Thanks Richard for reviving this thread! 

Please count me in for the discussion. I will add few more points in your agenda discussion. 

1) Layer 2/3 discovery and negotiation
2) Caching, proxy, and consistency requirements
3) Target hardware, performance requirements, and scale of aggregation
4) Tooling and infrastructure improvements needed to support an aggregator
5) Amount of configuration and knowledge an aggregator needs to know a priori.
6) Data presentation from Inband?
7) Security  

I am also in PST and flexible on other time zones as well. 

Neeraj

From: Richard Hanley <rhanley@google.com> 
Sent: Thursday, January 9, 2020 2:21 PM
To: vishwa <vishwa@linux.vnet.ibm.com>
Cc: Neeraj Ladkani <neladk@microsoft.com>; openbmc@lists.ozlabs.org; sgundura@in.ibm.com; kusripat@in.ibm.com; shahjsha@in.ibm.com; vikantan@in.ibm.com
Subject: Re: [EXTERNAL] Re: Managing heterogeneous systems

I'm going to resurrect this thread for the new year.

It sounds like there is a decent need for some type of aggregator.  Would anyone be interested in setting up a meeting to try and synthesize our use cases into some broadly applicable requirements?

I'm located on the West Coast, but I have a pretty flexible schedule for other time zones next week.

Some topics for us to discuss (either in a meeting or offline) include:

1) Layer 2/3 discovery and negotiation
2) Caching, proxy, and consistency requirements
3) Target hardware, performance requirements, and scale of aggregation
4) Tooling and infrastructure improvements needed to support an aggregator
5) Amount of configuration and knowledge an aggregator needs to know a priori.

Any ideas on what else we can cover?  Is there a preferred format or medium that would work best to gather these higher level requirements?

Regards,
Richard

On Thu, Dec 19, 2019 at 2:17 AM vishwa <mailto:vishwa@linux.vnet.ibm.com> wrote:
Richard, 
Thanks for putting it together.
On 12/13/19 1:32 AM, Richard Hanley wrote:
In our case we are working to migrate away from IPMI to Redfish.  Most of the solutions I've been thinking about have leaned pretty heavily into that. 

In my mind I've sliced this project up into a few different areas. 

Merging/Transforming Redfish Resources
Let's say that there are several Redfish services.  They will have collections of Systems, Chassis, and Managers that need to be merged.  In the simplest uses this would be just an HTTP proxy cache with some URL cleaning.

However, this could end up being a pretty deep merge in cases where some resources are split across multiple management domains.  Memory errors being on one node, but the temperature sensor being on a separate node is a good example. Another example would be the "ContainedBy" link.  These links might reach across different BMC boundaries, and would need to be inserted by the primary node. 

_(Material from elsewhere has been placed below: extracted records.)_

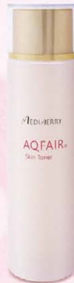
AQFAIR® Skin Toner アクフェア 化粧水
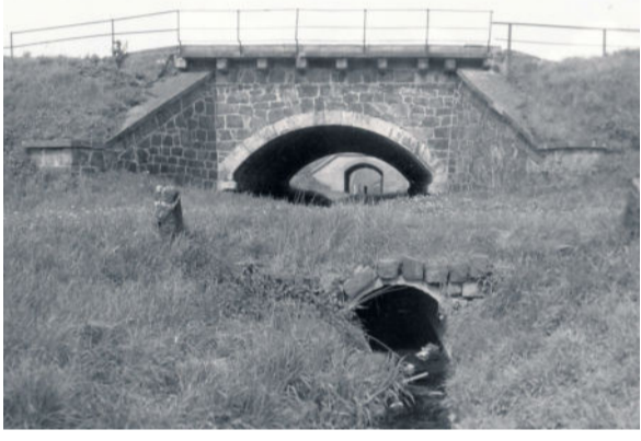
1984 an den 3 Brücken

Als erste Arbeiten übernahm man die Verpflegung, Vergrößerung
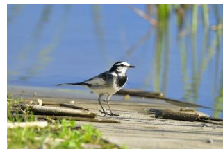
河川の水辺や鳥などの 自然要素
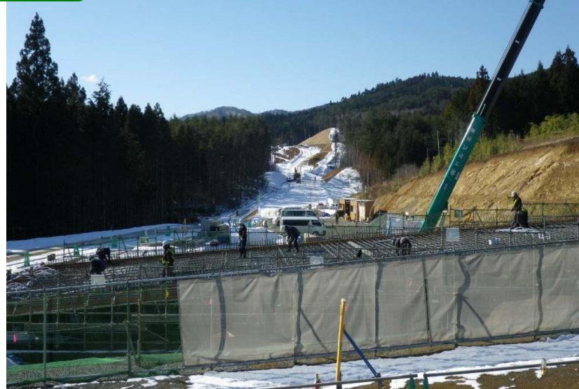
改良 ② No.443より起点側を望む
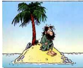
Lerninsel für Selbststudium
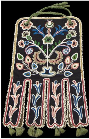
Blague à tabac
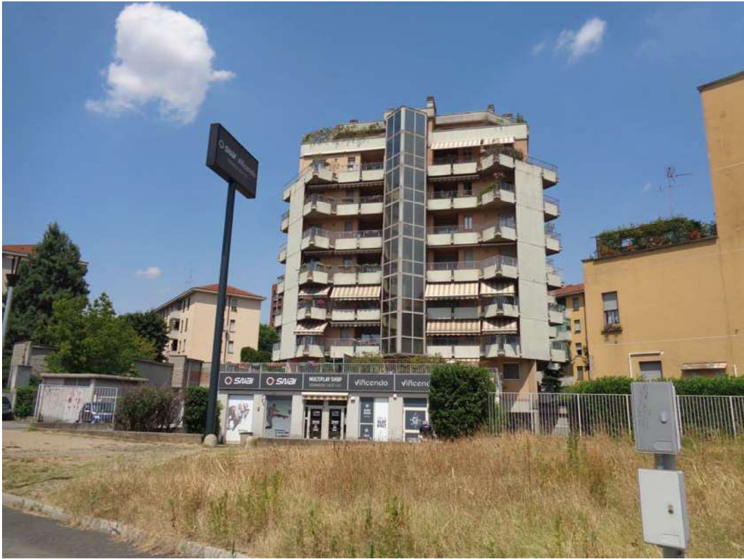
Immagine. 3. Da Largo Umberto Boccioni .
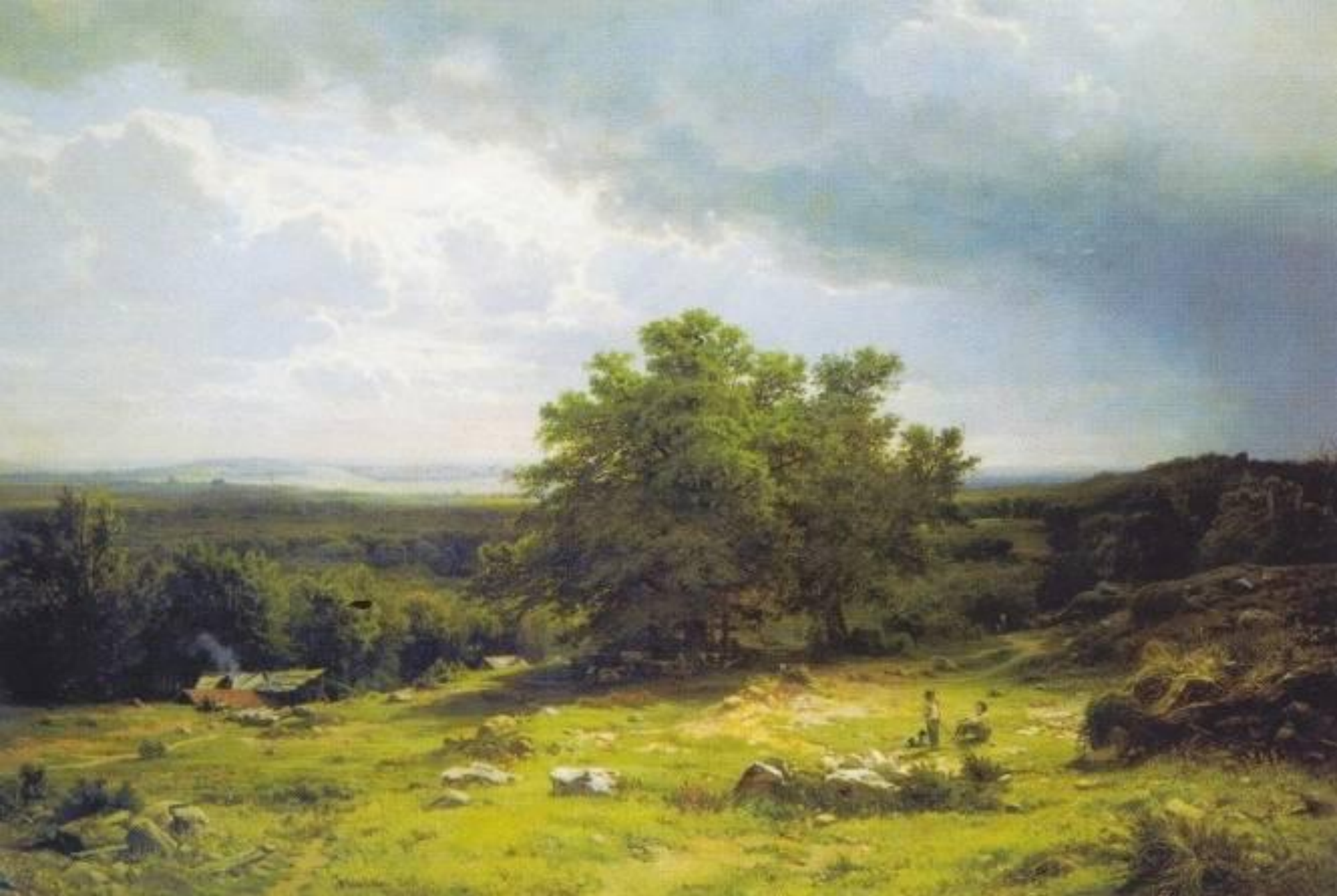
И.И. Шишкин. Вид в окрестностях Дюссельдорфа

Aggregating Services and Actions
This is where I think the DMTF proposals for Redfish aggregation (located https://nam06.safelinks.protection.outlook.com/?url=https%3A%2F%2Fmembers.dmtf.org%2Fapps%2Forg%2Fworkgroup%2Fredfish%2Fdocument.php%3Fdocument_id%3D91811&data=02%7C01%7Cneladk%40microsoft.com%7C252332bdcf5a42f86b0408d795524ba2%7C72f988bf86f141af91ab2d7cd011db47%7C1%7C0%7C637142053009953534&sdata=lFM7W0d%2FNFvUvIMJQYtfP3X3QCWN%2B2K0sv7bYbS5mFM%3D&reserved=0) provide the most insight.  My reading of this proposal is that an aggregation service would be used to tie actions together.  For example, there may be individual chassis reset action embedded in the chassis resources, and then aggregated action for a full reset.

DMTF seems to be leaving the arbiter of the aggregation up to the implementation.  I'd imagine that some implementations would provide a static aggregation service, while others would allow clients to create their own dynamic aggregates.

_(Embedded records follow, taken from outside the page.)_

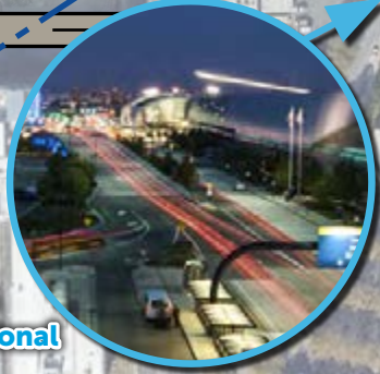
San José International Airport
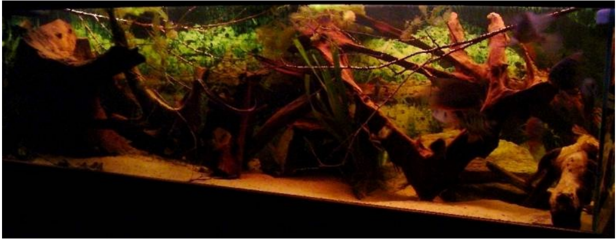
Illustration 1: Mon décor préféré...

Le décor habituellement proposé pour un bac amazonien va de modérément à très fortement planté, à tel point que pour beaucoup d'aquariophiles, bac planté = bac amazonien. Or une grande partie des paysages amazoniens immergés sont dépourvus de plantes en réalité... A vous de trouver le bon compromis en fonction de vos goûts.
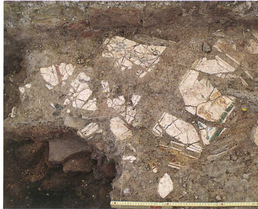
Abb. 7: Kallnach, Hinterfeld, römischer Gutshof. Bemalter Verputz in Fundlage. Er stammt vermutlich von der Decke der porticus (3).

Auf dem untersuchten Areal fanden sich drei gemauerte Kanäle, die das Abwasser aus dem Badetrakt und aus anderen Teilen der Villa abführten (vgl. Abb. 3). Ihre Wände waren teils mit Terrazzomörtel verputzt, die Sohlen mit Hypokaust- oder Dachziegeln belegt. Der grösste Kanal hatte eine lichte Weite von 60 × 100 cm. Kanal (264) führte leicht schräg, dicht ausserhalb von Raum 4 vorbei (Abb. 8) und mündete etwa 10 m südlich der Gebäudefront in den Ost-West verlaufenden Kanal (342). Die Anbauten an der Aussenfront von Mauer (193) sowie die Hofmauern entstanden nach dem Kanalbau. Den Ansatz eines weiteren, nur einige Zentimeter tiefen Kanals (287) haben wir an der Südwestecke von Raum 3 erfasst. Eine dicht an der westlichen Grabungsgrenze in Kanal (342) mündende Rinne (372) dürfte das Endstück von (287) sein. Nebst Dachwasser könnte (287) auch das Abwasser
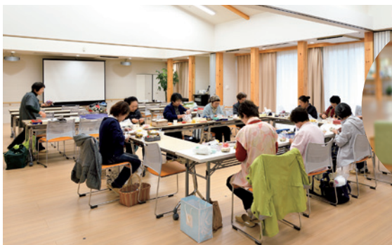
▲つるし雛サークルのメンバーは、毎週地域共生スペースでサークル活動を行う

Discovery, Negotiation, and Error Recovery
This is an area where I'd like to hear more about your requirements, Vishwa.  Would you expect the BMC cluster to be hot-swappable?  Is there a particular reason that it has to be peer to peer? What kind of error recovery should be supported when a node fails? 

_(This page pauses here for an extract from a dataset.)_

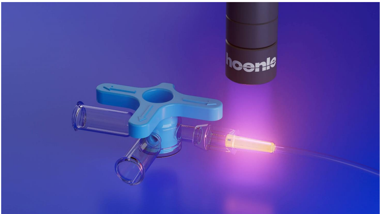
Ein orange fluoreszierender UV-Klebstoff, der die Schläuche verbindet, wird mit einer Hoenle bluepoint LED ausgehärtet.

Bei der Entwicklung einer neuen Generation von Klebstoffen für den Bereich Medizintechnik, war es das vorrangige Ziel, dass sich diese durch eine gute Verträglichkeit auszeichnen und die Arbeitssicherheit erhöhen. Konkret bedeutete dies, dass diese Klebstoffe TPO-frei (Trimethylbenzoyl Diphenylphosphine Oxide) und CMR-frei (cancerogen, mutagen, reproduktionstoxisch) sein sollten. Nach umfangreichen Labortests ist es gelungen, Klebstoffe mit CMR-freien Rohstoffen zu entwickeln, welche gleiche oder höhere Haftfestigkeit und Elastizität als die Originalprodukte aufweisen. Hoenle hat damit fortschrittliche UV-Klebstoffe für die Herstellung medizinischer Geräte auf den Markt gebracht, die auch gemäß der aktuellen REACH-Verordnung ECHA-konform (European Chemicals Agency) sind. Diese Hoenle-Klebstoffe sind als TPO/CMR-frei zertifiziert und reduzieren chemische Risiken am Arbeitsplatz und in der Umwelt. Sie eignen sich für die Verklebung von Kanülen, Kathetern, Blutentnahmesets und Diagnosegeräten. Diese neuen Klebstoffe erfüllen die Biokompatibilitätsprüfprotokolle der ISO 10993. Für die Herstellung von medizinischen Wearables hat Hoenle Adhesives UV-Klebstoffe entwickelt, die ohne IBOA formuliert wurden. IBOA ist ein haftungsförderndes Monomer, das mit Fällen von Hautreizungen in Verbindung gebracht wird. IBOA-freie Klebstoffe können die Gesundheitsrisiken sowohl für die Hersteller als auch für Nutzer von Wearables deutlich verringern.

At a high level, the idea that has been suggested internally is to have a designated master node at install time.  That node would discover any other Redfish services on the LAN, and begin aggregating them.  The master node would keep any in memory cache of the other services, and reload resources on demand.  If a node goes down, then there error is propagated using HTTP return codes.  If the master node goes down, then the entire aggregate will go down.  In theory a client could talk to individual nodes if it needed to.

Case-1:
.......
Consider a hypothetical case where I have 4 compute nodes, each having BMC in it and that BMC is responsible for initiating power-on and other services for that node / getting the debug data out of that node / etc...
We would want an external Management Console(MC) to manage this rack. Instead of going to 4 nodes separately, MC can ask 1 BMC that I am calling as "Point Of Contact" BMC / Primary BMC for that rack. It is the job of that BMC to do whatever is needed to return the result.
Similarly, when the POC goes down, we would need another POC.
I believe, Redfish discovery can be used to discover each BMCs. But how does the heart beat work between discovered BMCs ?
Also, when the POC goes down, how can we sense that and make some other BMC as POC using Redfish framework ?

Case-2:
.......
I have a control node that is housing 2 BMCs. One can be Primary and other can be Slave. Each BMC has the complete view of the whole systems. 
I am assuming, we could still discover the other BMC using Redfish.. But again, how do we exchange heartbeat and do failover operations ?
Thanks,
!! Vishwa !!
Authentication and Authorization
This is an area where I think Redfish is a little hands off.  In an ideal world ACLs could be setup without proliferating username/passwords across nodes.  As an aside, we've been thinking about how to use Redfish without any usernames or passwords.  By using a combination of certificates and authorization tokens it should be possible to extend a security zone to a small cluster of BMCs.

Regards,
Richard

On Wed, Dec 11, 2019 at 11:33 PM Neeraj Ladkani <mailto:neladk@microsoft.com> wrote:
Sure, how do we want to enable BMC-BMC communication? Standard redfish/IPMI ? 
 
Neeraj
 
 
From: vishwa <mailto:vishwa@linux.vnet.ibm.com> 
Sent: Wednesday, December 11, 2019 10:59 PM
To: Neeraj Ladkani <mailto:neladk@microsoft.com>
Cc: mailto:openbmc@lists.ozlabs.org; mailto:sgundura@in.ibm.com; mailto:kusripat@in.ibm.com; mailto:shahjsha@in.ibm.com; mailto:vikantan@in.ibm.com; Richard Hanley <mailto:rhanley@google.com>
Subject: Re: [EXTERNAL] Re: Managing heterogeneous systems
 
On 12/10/19 3:20 PM, Neeraj Ladkani wrote:
Great discussion. 
 
The problem is not physical interface as they can communicate using LAN. The problem is entity binding as one compute node can be connected to 1 or more storage nodes. How can we have one view of system from operational perspective? Power on/off, SEL logs, telemetry? 
 

Correct. This is where I mentioned about "Primary BMC acting as Point Of Contact" for external requests.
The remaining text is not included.